Best wishes and luck
Love Jean xx
Hi Ted, I am with you on this one, when a thread gets tooooo looooong it becomes a real pain scrolling down to find replies you might have missed 🙁 .
I think PP level is one area all the Consultants seem to agree on. The stock answer seems to be "they look at the decease?s progression and PP level is just one indicator". I used to always ask what my blood levels were but after after my SCT (Nov/Dec 09) I gave up. As a matter of interest my Blood measurements when this is all started for me on the 8/09/09 were:
HB = 9.9 (normal male, 13.5?17.5 female, 12.0-16.0)
WBC = 8.7 (normal male/female, 4?11)
Neutrophils = 5.82 (normal male/female, 2.0?7.5)
Platelets = 457 (normal male/female, 150?400)
Paraprotien = 33 (no normal level but I was informed that everybody has a base level of 1 or lower but that it becomes really difficult to measure at this level)

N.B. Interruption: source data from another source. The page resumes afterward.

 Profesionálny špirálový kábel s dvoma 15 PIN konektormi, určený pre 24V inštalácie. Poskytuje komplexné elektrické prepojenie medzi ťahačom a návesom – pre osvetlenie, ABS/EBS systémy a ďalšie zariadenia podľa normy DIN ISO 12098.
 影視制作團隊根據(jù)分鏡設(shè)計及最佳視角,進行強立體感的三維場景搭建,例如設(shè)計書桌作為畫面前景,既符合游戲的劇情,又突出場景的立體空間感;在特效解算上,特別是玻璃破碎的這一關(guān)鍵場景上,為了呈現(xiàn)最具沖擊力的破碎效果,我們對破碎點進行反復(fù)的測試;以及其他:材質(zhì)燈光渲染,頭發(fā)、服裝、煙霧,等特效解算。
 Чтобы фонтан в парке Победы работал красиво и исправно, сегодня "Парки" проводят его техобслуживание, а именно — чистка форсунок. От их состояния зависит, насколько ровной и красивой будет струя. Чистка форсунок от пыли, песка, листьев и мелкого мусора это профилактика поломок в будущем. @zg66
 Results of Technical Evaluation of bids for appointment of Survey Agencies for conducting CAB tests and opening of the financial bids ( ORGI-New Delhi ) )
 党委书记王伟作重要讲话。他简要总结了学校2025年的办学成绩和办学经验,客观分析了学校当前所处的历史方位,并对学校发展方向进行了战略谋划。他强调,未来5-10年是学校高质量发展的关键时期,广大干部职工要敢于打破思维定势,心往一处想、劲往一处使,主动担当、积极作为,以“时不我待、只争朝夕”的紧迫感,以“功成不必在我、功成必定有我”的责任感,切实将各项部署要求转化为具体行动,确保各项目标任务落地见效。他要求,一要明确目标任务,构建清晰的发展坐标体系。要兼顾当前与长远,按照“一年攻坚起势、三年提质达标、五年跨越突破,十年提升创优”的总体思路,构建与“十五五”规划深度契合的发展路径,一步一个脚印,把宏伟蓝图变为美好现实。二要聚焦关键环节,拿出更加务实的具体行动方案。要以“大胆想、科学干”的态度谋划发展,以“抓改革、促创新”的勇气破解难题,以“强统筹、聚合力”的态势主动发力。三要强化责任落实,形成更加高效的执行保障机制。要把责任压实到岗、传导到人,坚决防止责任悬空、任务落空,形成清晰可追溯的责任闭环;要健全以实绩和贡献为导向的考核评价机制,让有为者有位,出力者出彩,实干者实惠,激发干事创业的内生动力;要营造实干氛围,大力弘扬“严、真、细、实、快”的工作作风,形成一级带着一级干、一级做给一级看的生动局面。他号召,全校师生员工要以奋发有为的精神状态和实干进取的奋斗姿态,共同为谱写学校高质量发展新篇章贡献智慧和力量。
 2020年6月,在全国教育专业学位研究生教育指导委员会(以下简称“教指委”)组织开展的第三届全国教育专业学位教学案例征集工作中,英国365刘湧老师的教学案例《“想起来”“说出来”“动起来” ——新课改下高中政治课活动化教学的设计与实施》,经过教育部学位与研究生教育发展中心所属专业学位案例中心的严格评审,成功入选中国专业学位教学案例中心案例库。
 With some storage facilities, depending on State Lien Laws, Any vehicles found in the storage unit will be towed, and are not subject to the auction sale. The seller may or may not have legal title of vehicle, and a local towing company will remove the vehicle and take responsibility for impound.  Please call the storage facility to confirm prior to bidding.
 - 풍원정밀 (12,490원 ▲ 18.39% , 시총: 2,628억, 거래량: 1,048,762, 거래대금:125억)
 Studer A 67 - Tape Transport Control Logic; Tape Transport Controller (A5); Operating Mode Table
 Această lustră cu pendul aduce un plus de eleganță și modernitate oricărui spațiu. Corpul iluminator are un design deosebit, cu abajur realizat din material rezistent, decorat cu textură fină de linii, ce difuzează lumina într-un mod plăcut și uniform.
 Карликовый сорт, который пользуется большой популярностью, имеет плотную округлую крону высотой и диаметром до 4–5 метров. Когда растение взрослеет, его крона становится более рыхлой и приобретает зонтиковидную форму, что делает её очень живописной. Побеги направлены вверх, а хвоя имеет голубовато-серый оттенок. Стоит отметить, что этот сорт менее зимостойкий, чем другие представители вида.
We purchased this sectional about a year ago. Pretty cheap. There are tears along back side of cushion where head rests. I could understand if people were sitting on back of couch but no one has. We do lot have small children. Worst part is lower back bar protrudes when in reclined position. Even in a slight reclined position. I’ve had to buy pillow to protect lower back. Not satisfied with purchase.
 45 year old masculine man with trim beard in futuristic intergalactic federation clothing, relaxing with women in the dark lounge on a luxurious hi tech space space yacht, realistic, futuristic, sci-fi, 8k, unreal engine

My last Blood levels on 30/09/11 (two years later) are :
HB = 13.1
WBC = 6.57
Neuts = 3.63
Plats = 263
PP = 2.1
I am fit and well at the moment with no bugs or pain. I keep fit by walking 3.5 miles every day the weather will let me and I exercise my brain by playing Age of Empires Online (I am level 36 out of 40 at the moment) to keep me mentally fit, for a 69 year old I feel good.
Kindest regards ? Vasbyte
David
Well it is faster on this one he he.8-)
Hi All, Thanks for the replies and the good wishes we allseem to get this nervous feeling before an appointment, to be expected I suppose,I still dont get the PP side of it Jean, as you say some have the 2 or 3 and others have a hight 33 as David said, mine was about 11-13 and he seemed happy with that, as I tried before to explain the Doc said it didnt matter how full the bucket was so long as it didnt get any fuller,well I think thats what he said. :-/ .I like exercising my brain David but not the 3.5 miles 🙁 we do walk a bit now and then,,we live at the top of a hill its called Garforth Cliff so you get the idea and we have to walk up it every time we go walking,pity its not down hill at the end.Will let you know how it goes Wednesday and I hope its in and out like Frank. Ted
Hi All ,been and done it today,(Wed) pleased to say all good news ,saw ayoung man about 14 I think 🙂 but he was a nice lad, my HB 13 and my PP 12, we talked about PP and why it varied in people and he said I had Asyptomatic Myeloma, which meant that I had Myeloma but no symptons and until I do show symptons they will do nothing,he also said if I had aPP of 100 it wouldnt matter providing I didnt show any other signs of illness.He also said he knew of some one who had myeloma for 20 years and no symptons,so I said thats great I will be 100 by then.So another let off till Febuary. Bye Ted.
Hi Ted
Great news. So glad to hear it. Frank is same. Consultant says everything is stable and does not need treatment. I am just so thankful. The A & E of the hospital has closed so if any Myeloma patient feeks ill they have to go to another hospital. Consultant hoping mad as she says patient in one place and notes and staff to deal with their illnes in another. And like Chinese whispers – communication gets distorted
Anyway Ted brilliant for you – thats what i love to read Keep up the good work and stay well.
Love Jean xx
Hi Ted its good to hear you can relax for another few months without worrying about your results ! I hope that it stays the same for a very long time It used to be said that you knew you were getting old when policemen looked young but I find its doctors , nurses , teachers ( the list is endless!) so I guess I must be ancient Teehee love Bridget
Hey Ted
Am sure like me you knew that was gonna be the outcome 😀 but a well done from me, roll on old age hehe and he aint realy 14 ha ha 😎
Keep up the good work Ted
From another "Onwards and Upwards" Guy 😎
Great news Ted
It will be nice for you to get a few months break from appointments as for the docter looking 14 mine looks like father christmas without the beard a rolly poly he has a cuddly manner as well with me we must stike the right chemistry with each other keep in touch
Love Jo xx:-)
Hi Ted
Great news and it must be a great relief to get another reprieve!!! Long may it last. It also serves to encourage me.
Very best wishes.
Mavis
The topic ‘Not New to the Forum’ is closed to new replies.